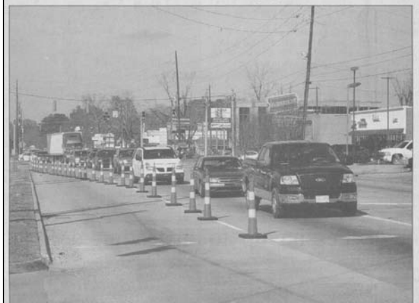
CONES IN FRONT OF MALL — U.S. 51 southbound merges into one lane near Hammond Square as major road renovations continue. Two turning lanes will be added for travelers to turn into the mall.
* * *
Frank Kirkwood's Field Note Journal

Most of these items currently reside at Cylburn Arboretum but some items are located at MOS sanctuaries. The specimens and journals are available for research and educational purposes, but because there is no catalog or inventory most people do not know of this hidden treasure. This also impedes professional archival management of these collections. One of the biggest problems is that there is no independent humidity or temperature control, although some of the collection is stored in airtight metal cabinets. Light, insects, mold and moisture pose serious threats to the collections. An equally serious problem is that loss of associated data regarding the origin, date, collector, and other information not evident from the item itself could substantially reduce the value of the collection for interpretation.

### EXERCISE
Among the entries above, the line containing "Frank Kirkwood's Field Note Journal", the line containing "Most of these", and all lines between them are to be restated word for word; nothing else belongs in the reply.

### THE ANSWER
Frank Kirkwood's Field Note Journal

Most of these items currently reside at Cylburn Arboretum but some items are located at MOS sanctuaries. The specimens and journals are available for research and educational purposes, but because there is no catalog or inventory most people do not know of this hidden treasure. This also impedes professional archival management of these collections. One of the biggest problems is that there is no independent humidity or temperature control, although some of the collection is stored in airtight metal cabinets. Light, insects, mold and moisture pose serious threats to the collections. An equally serious problem is that loss of associated data regarding the origin, date, collector, and other information not evident from the item itself could substantially reduce the value of the collection for interpretation.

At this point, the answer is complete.